As I walked, a thought rose without urgency. I wondered what such a scene would appear to one who could not see color. If the forest were reduced to a single tone, if all difference were flattened into sameness, what would remain of its beauty? And from there my thoughts turned outward—to people, to crowds—and I asked what they might appear to the eye if color were absent there as well. If skin bore no variation. If black, white, brown, and all between were gathered into one indistinguishable shade, what judgments would fall away simply because they could no longer find a surface on which to rest.
The thought carried with it an unexpected sense of loss.
Some would disagree. There are those who believe that removing distinction is the same as restoring justice. Yet standing among the trees, I felt otherwise. There is beauty in color, and not one hue stands alone. Each complements the whole. Each carries its own history, its own shape of tradition and character, and together they form a presence richer than any single tone could offer. When allowed to remain within the frame, the landscape becomes fuller, not divided.
To remove such difference by our own hand is not neutrality; it is diminishment. To press any one part lower because of assumption or fear is not order; it is a failure of intent. Such acts do not rise from necessity, but from something smaller, something willing to trade beauty for control. When this occurs, the ground begins to slope toward darker ends, and what is lost is not only justice, but sight itself.

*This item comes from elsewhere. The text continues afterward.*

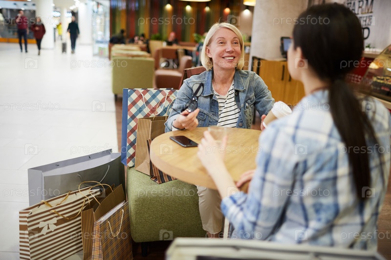 Веселая зрелая женщина делится эмоциями от покупок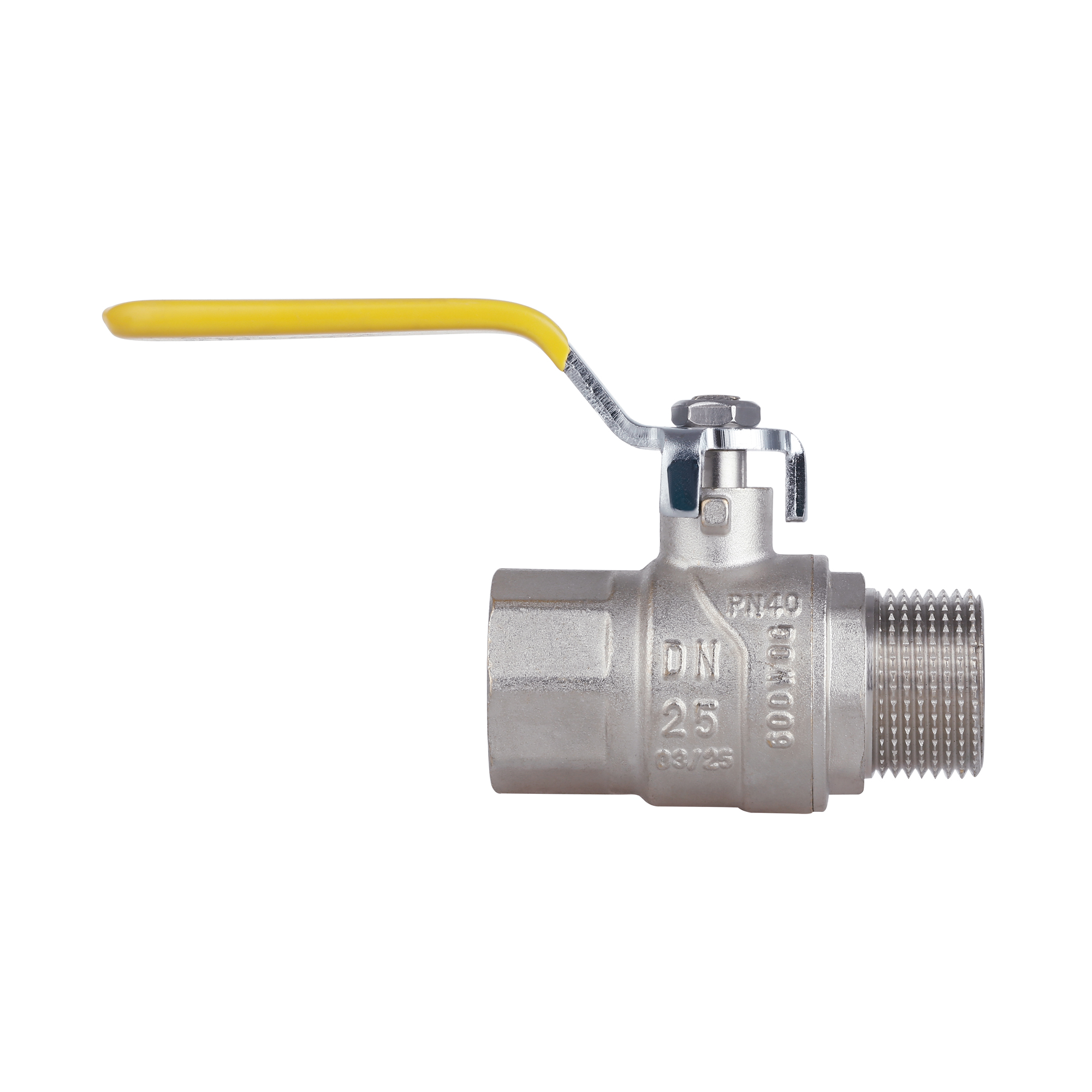 Кран шаровой SD Forte 1" ВН для газа (ручка) — латунный никелированный элемент запорно-регулирующей арматуры. Используется в газопроводных системах.

Walking on, the resolve came quietly.
Prejudice does not arise from color. Color is not the wound; it is the gift. It is what gives the world its depth and its resonance. Equality, then, cannot mean reducing all things to sameness. It means granting equal regard. It means standing before the landscape—whether forest or humanity—and allowing every part its place without erasure, without elevation, without dismissal.
To walk among the trees in autumn is to understand this without effort. Nothing is removed to improve the view. Nothing is asked to fade early for the sake of balance. Each is allowed to stand, and in standing, the whole is made complete.